As a number of previous posts in this blog have mentioned, some of the best opportunities to see objects from our collections occur when other institutions borrow from us for an exhibition on a particular theme. A new exhibition at the Morgan Library and Museum on the theme of Medieval Money, Merchants and Morality, which will be on view from November 10, 2023, to March 10, 2024. ANS items on display include two seventeenth-century German coin balances, gold florins and billon groots, part of a hoard of Venetian torneselli, a Danish bracteate penny and an Austrian double guldenthaler, among others. 

Billon double tournois of Charles VII, Poitiers, 1431. ANS 1942.23.413. 1.045 g.  

Curated by the art historians Diane Wolfthal and Deirdre Jackson, this exhibition shows the items borrowed from the ANS alongside manuscripts and paintings that depict some of the concerns and anxieties that people had about money in late medieval and Renaissance Europe. It raises a number of questions about the culture of money that are worth exploring. Money was deeply problematical in the context of medieval European culture, in which religious beliefs were widely taken for granted. Money, as a dynamic and versatile form of wealth, was greatly desired and eagerly sought, but it was also regarded with more than a touch of suspicion and disdain. It is possible, of course, to explain this attitude internally to the culture, with reference to the importance placed on renunciation of possessions and earthly pleasures in early Christianity as well as to the agrarian values of rural landholders. To have or to desire money beyond basic needs was, in short, sinful and a pathway to eternal damnation. 

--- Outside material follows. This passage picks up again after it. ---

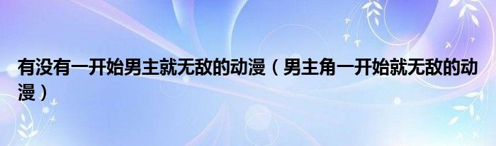 关于有没有一开始男主就无敌的动漫,男主角一开始就无敌的动漫这个很多人还不知道,今天菲菲来为大家解答以上的问题,现在让我们一起来看看吧!
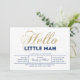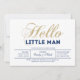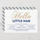 Celebrate a special day for your loved one with this modern baby shower invitation! This design features stylish typography " Hello Little Man" in glitter gold texture & navy blue.

Gold angel of Henry VI, London, 1470-1471. ANS 1954.237.19. 5.008 g.  

Religious distrust of money and monetary wealth is not unique to the culture of medieval Christianity, though. It might be worth thinking about whether there are also explanations internal to the concept of money that might contribute to these attitudes. 

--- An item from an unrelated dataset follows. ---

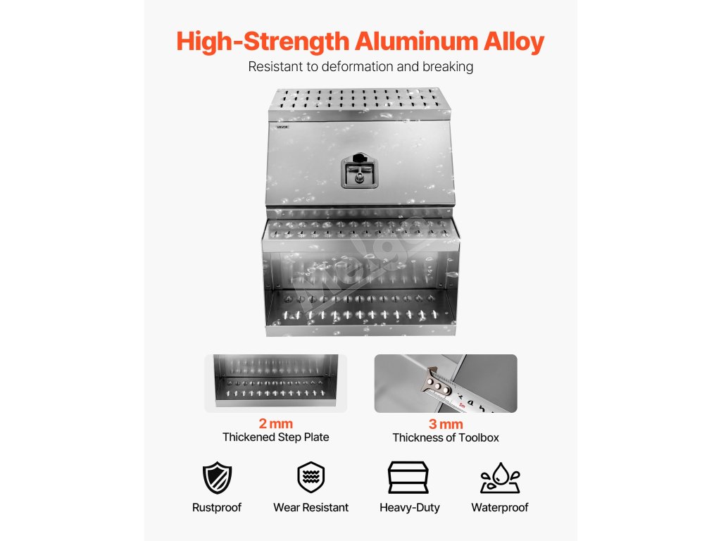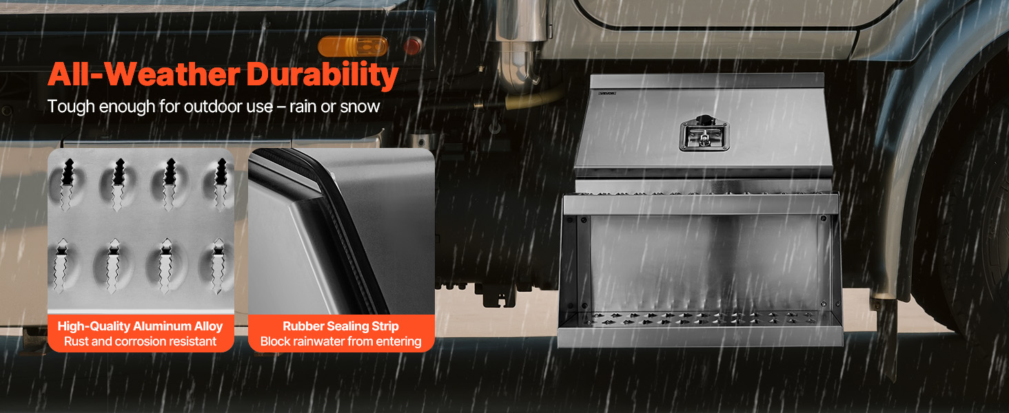 Vysokokvalitná konštrukcia z hliníkovej zliatiny ponúka vynikajúcu odolnosť proti korózii a hrdzi. A gumové tesniace pásy účinne blokujú vnikanie dažďa a prachu do boxu, čím udržiavajú náradie v bezpečí a suchu.

Money is, at its core, a technology for turning value, whatever that is, into interchangeable quantized units that are unburdened by any element of moral judgment. Anthropologists like Nancy Munn and David Graeber pointed to the verbal slippage from values in the sense of moral principles to value in the sense of an interchangeable measure as a clue to how acts of exchange could be essentially social and moral in attitude or could become something very different. It is hard to imagine any technology that is more alien to the concerns of many religions than money: the social disembeddedness, the moral neutrality, or often both are directly opposed to the moral philosophies that underlie many religions.  

The moral ambiguity of money makes it an ambivalent technology in many cultures. As the Morgan Library exhibition shows for medieval Europe, money could be sinful but could also be turned to purposes regarded positively. This exhibit is a reminder to us—and a reminder filled with beautiful works—that coins are not just useful or desirable objects; they are also a way that people relate to each other, and to their own consciences.